▶ [Work to be completed]:
Your answer must restate the listing below word for word and contain no images.

▶ [Material to process]:

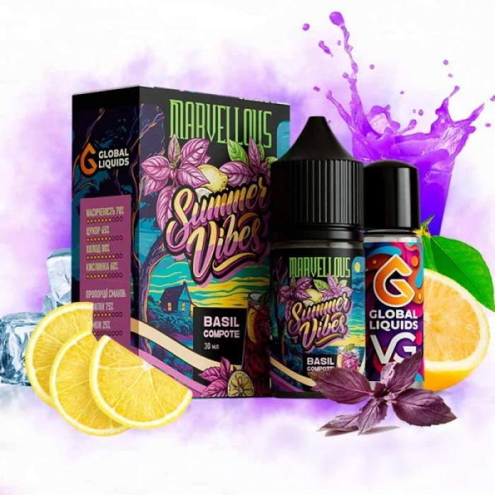 Marvellous Summer Vibes 30 мл Basil Compote – це свіжий подих серед фруктових ароматів, створений для тих, хто не боїться експериментів і цінує баланс природи та смаку.
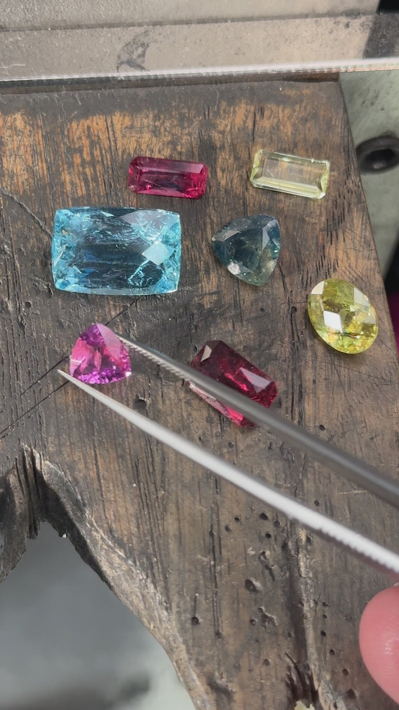 Flame-fused gold plates create the bold setting, which holds a red Tourmaline, an Heliodor, and Diamonds.
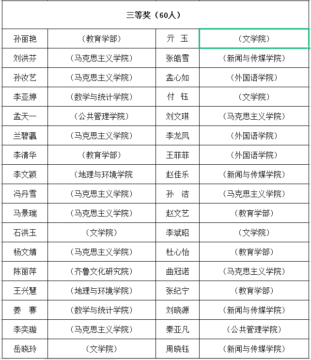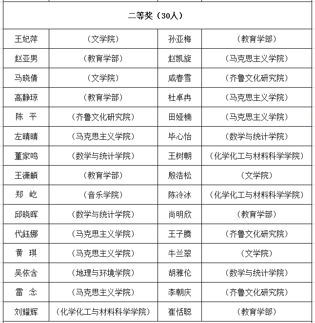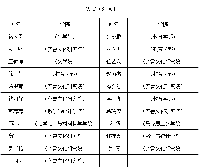 为大力弘扬和传播中华优秀传统文化,引导广大青年学生更加关注和了解齐鲁文化,激发青年学生的文化认同感、自豪感、归属感,坚定文化自信,由校团委主办,齐鲁文化研究院团委承办的“齐鲁文化校园大会”知识竞答活动自启动以来,得到了3000余名同学的大力支持和积极参与,目前活动已圆满结束,现将获奖名单予以公布:
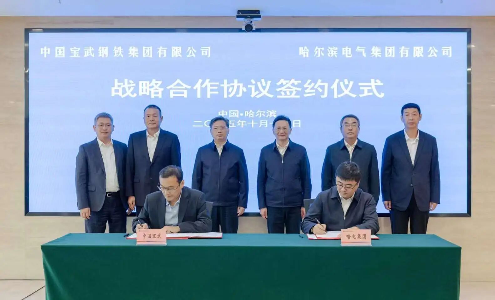 10月14日,哈電集團(tuán)與中國寶武在哈電集團(tuán)總部簽署戰(zhàn)略合作協(xié)議,就服務(wù)國家戰(zhàn)略、助力科技自立自強(qiáng)等方面進(jìn)一步加強(qiáng)戰(zhàn)略合作。哈電集團(tuán)董事長、黨委書記黃偉,總經(jīng)理、黨委副書記劉清勇,中國寶武黨委書記、董事長胡望明共同見證簽約儀式并舉行座談交流。哈電集團(tuán)黨委常委、副總經(jīng)理劉軼,中國寶武黨委常委鄒繼新代表雙方簽署戰(zhàn)略合作協(xié)議。黃偉對胡望明一行到訪表示熱烈歡迎,對中國寶武長期以來給予哈電集團(tuán)的關(guān)心和支持表示感謝,...
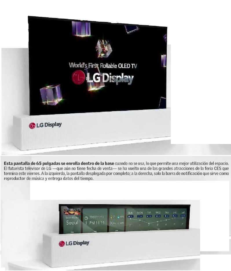 Es el evento de tecnología más importante del planeta y, sin embargo, no es infalible. Ayer, durante la segunda jornada de la CES 2018, un corte de luz obligó a suspender las actividades de la feria por más de dos horas. La oscuridad se apoderó de los luminosos stands y pasillos del Centro de Convenciones de Las Vegas y el público tuvo que abandonar el recinto. Así, hubo que esperar para observar en vivo algunas de las novedades de esta versión. Se ve como un televisor más, pero cuando no se está usando, se puede enrollar y queda guardado en su misma base. Así es el modelo de 65 pulgadas que presentó la compañía coreana LG en la feria. Los televisores son siempre uno de los principales atractivos en este evento, y 2018 no ha sido la excepción. Sobre todo porque es un año clave para la industria: en junio, Rusia será la sede del Mundial de Fútbol, un evento que acapara la atención de millones de telespectadores en el mundo y que hace que la venta de equipos se dispare. Lograr la mejor calidad de imagen y sonido posible, mejor que estar en el estadio, ha sido la meta de los fabricantes. Y es lo que ofrecen, en diferente grado, los modelos presentados estos días en Las Vegas. El futurista televisor LG enrollable no solo adquiere diferentes tamaños -si se despliega solo una parte, se puede usar como un reproductor de música o notificador del clima o noticias; en su máxima capacidad, permite ver películas-, sino que también cuenta con una pantalla con resolución 8K, el doble de lo que ofrecen los modelos de gama alta en la actualidad. Si el 4K multiplicaba por cuatro las virtudes del Full HD, el 8K lo hace por 16. En CES se perfilan las tendencias que seguirá el mercado y todo indica que el 8K es el futuro inmediato. Aunque el contenido disponible para ellas es casi inexistente. "Los canales tendrán que comenzar a producir contenidos en esta resolución", comenta Ji Hee Lim, product manager de TV y Audio de Samsung Chile. La compañía surcoreana es una de las que han puesto mas énfasis en esta nueva tecnología, y sus modelos presentados en CES 2018 ya la incluyen. Como The Wall, un gigantesco panel de 146 pulgadas. Se trata de un televisor ultradelgado y modular, es decir, está conformado por diferentes paneles que se pueden instalar según el interés del usuario para darle el tamaño que desee. Sus modelos también estrenarán la nueva tecnología microled, que utiliza un material inorgánico que genera su propia fuente de luz y evita la oxidación y pantallas "quemadas", ofreciendo una reproducción de negros casi perfecta y una gran fidelidad de color. Estas pantallas saldrán al mercado durante el segundo semestre, incluido Chile. Ante la falta de contenidos 8K, los televisores de Samsung cuentan con un algoritmo de inteligencia artificial que adaptará los contenidos actuales para transformarlos en algo muy similar, como explica ji Hee Lim. Sony también apostó por pantallas grandes con sus televisores de la serie X900F, que van desde 49 pulgadas hasta 85 pulgadas. Esta nueva familia de televisores ofrece, además, una tecnología de superficie acústica que permite que la pantalla entera resuene con un gran sonido, para una unificación perfecta de imagen y sonido. Y aunque no es un televisor, Google reveló cuatro nuevos dispositivos inteligentes diseñados para competir con la Echo Show de Amazon. Se trata básicamente de pantallas -fabricadas por Samsung, LG y Lenovo- en las que se pueden proyectar contenidos en streaming o de YouTube.
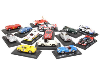 miniatures reproduisant notamment les modèles : PORSCHE, MERCEDES, FERRARI & LOLA - principalement collections presse - sur socles dont certains non conformes - possibilité de petits manques
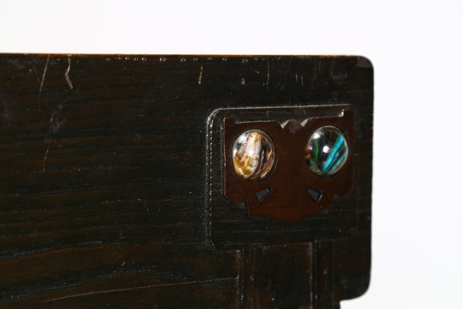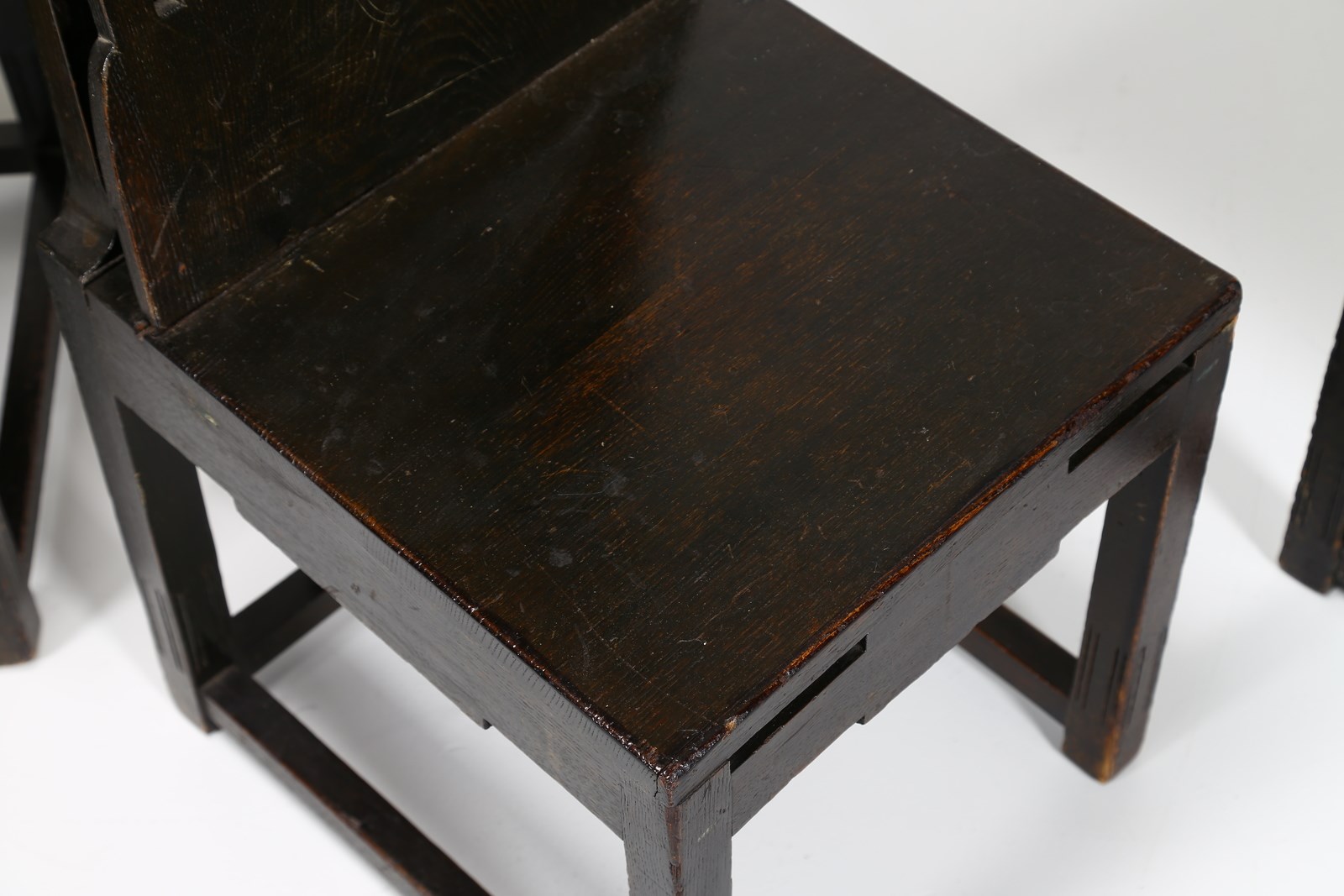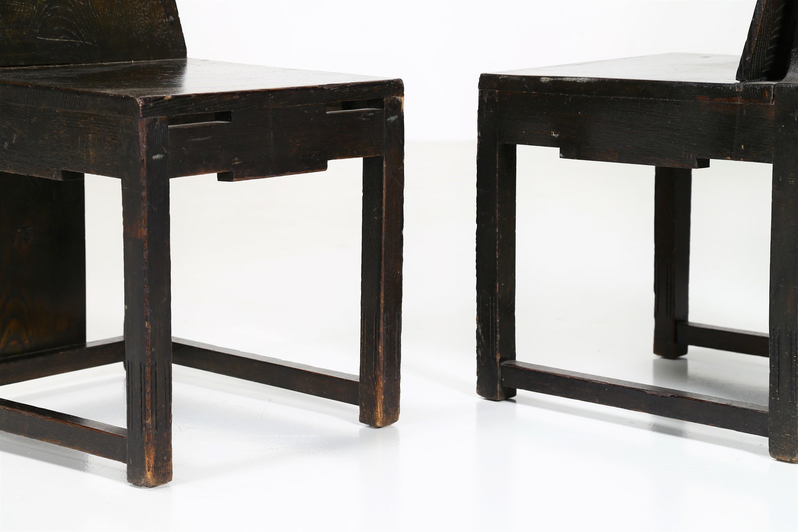 EDNIE JOHN (1876 - 1934) Attrib. Quattro sedie. Legno laccato. Cm 41,50 x 134,50 x 47,50. Glasgow School, primi del 900. Struttura in legno laccato con importanti dettagli in pietra.

▶ [Your response]:
 Marvellous Summer Vibes 30 мл Basil Compote – це свіжий подих серед фруктових ароматів, створений для тих, хто не боїться експериментів і цінує баланс природи та смаку.
 Flame-fused gold plates create the bold setting, which holds a red Tourmaline, an Heliodor, and Diamonds.
 为大力弘扬和传播中华优秀传统文化,引导广大青年学生更加关注和了解齐鲁文化,激发青年学生的文化认同感、自豪感、归属感,坚定文化自信,由校团委主办,齐鲁文化研究院团委承办的“齐鲁文化校园大会”知识竞答活动自启动以来,得到了3000余名同学的大力支持和积极参与,目前活动已圆满结束,现将获奖名单予以公布:
 10月14日,哈電集團(tuán)與中國寶武在哈電集團(tuán)總部簽署戰(zhàn)略合作協(xié)議,就服務(wù)國家戰(zhàn)略、助力科技自立自強(qiáng)等方面進(jìn)一步加強(qiáng)戰(zhàn)略合作。哈電集團(tuán)董事長、黨委書記黃偉,總經(jīng)理、黨委副書記劉清勇,中國寶武黨委書記、董事長胡望明共同見證簽約儀式并舉行座談交流。哈電集團(tuán)黨委常委、副總經(jīng)理劉軼,中國寶武黨委常委鄒繼新代表雙方簽署戰(zhàn)略合作協(xié)議。黃偉對胡望明一行到訪表示熱烈歡迎,對中國寶武長期以來給予哈電集團(tuán)的關(guān)心和支持表示感謝,...
 Es el evento de tecnología más importante del planeta y, sin embargo, no es infalible. Ayer, durante la segunda jornada de la CES 2018, un corte de luz obligó a suspender las actividades de la feria por más de dos horas. La oscuridad se apoderó de los luminosos stands y pasillos del Centro de Convenciones de Las Vegas y el público tuvo que abandonar el recinto. Así, hubo que esperar para observar en vivo algunas de las novedades de esta versión. Se ve como un televisor más, pero cuando no se está usando, se puede enrollar y queda guardado en su misma base. Así es el modelo de 65 pulgadas que presentó la compañía coreana LG en la feria. Los televisores son siempre uno de los principales atractivos en este evento, y 2018 no ha sido la excepción. Sobre todo porque es un año clave para la industria: en junio, Rusia será la sede del Mundial de Fútbol, un evento que acapara la atención de millones de telespectadores en el mundo y que hace que la venta de equipos se dispare. Lograr la mejor calidad de imagen y sonido posible, mejor que estar en el estadio, ha sido la meta de los fabricantes. Y es lo que ofrecen, en diferente grado, los modelos presentados estos días en Las Vegas. El futurista televisor LG enrollable no solo adquiere diferentes tamaños -si se despliega solo una parte, se puede usar como un reproductor de música o notificador del clima o noticias; en su máxima capacidad, permite ver películas-, sino que también cuenta con una pantalla con resolución 8K, el doble de lo que ofrecen los modelos de gama alta en la actualidad. Si el 4K multiplicaba por cuatro las virtudes del Full HD, el 8K lo hace por 16. En CES se perfilan las tendencias que seguirá el mercado y todo indica que el 8K es el futuro inmediato. Aunque el contenido disponible para ellas es casi inexistente. "Los canales tendrán que comenzar a producir contenidos en esta resolución", comenta Ji Hee Lim, product manager de TV y Audio de Samsung Chile. La compañía surcoreana es una de las que han puesto mas énfasis en esta nueva tecnología, y sus modelos presentados en CES 2018 ya la incluyen. Como The Wall, un gigantesco panel de 146 pulgadas. Se trata de un televisor ultradelgado y modular, es decir, está conformado por diferentes paneles que se pueden instalar según el interés del usuario para darle el tamaño que desee. Sus modelos también estrenarán la nueva tecnología microled, que utiliza un material inorgánico que genera su propia fuente de luz y evita la oxidación y pantallas "quemadas", ofreciendo una reproducción de negros casi perfecta y una gran fidelidad de color. Estas pantallas saldrán al mercado durante el segundo semestre, incluido Chile. Ante la falta de contenidos 8K, los televisores de Samsung cuentan con un algoritmo de inteligencia artificial que adaptará los contenidos actuales para transformarlos en algo muy similar, como explica ji Hee Lim. Sony también apostó por pantallas grandes con sus televisores de la serie X900F, que van desde 49 pulgadas hasta 85 pulgadas. Esta nueva familia de televisores ofrece, además, una tecnología de superficie acústica que permite que la pantalla entera resuene con un gran sonido, para una unificación perfecta de imagen y sonido. Y aunque no es un televisor, Google reveló cuatro nuevos dispositivos inteligentes diseñados para competir con la Echo Show de Amazon. Se trata básicamente de pantallas -fabricadas por Samsung, LG y Lenovo- en las que se pueden proyectar contenidos en streaming o de YouTube.
 miniatures reproduisant notamment les modèles : PORSCHE, MERCEDES, FERRARI & LOLA - principalement collections presse - sur socles dont certains non conformes - possibilité de petits manques
 EDNIE JOHN (1876 - 1934) Attrib. Quattro sedie. Legno laccato. Cm 41,50 x 134,50 x 47,50. Glasgow School, primi del 900. Struttura in legno laccato con importanti dettagli in pietra.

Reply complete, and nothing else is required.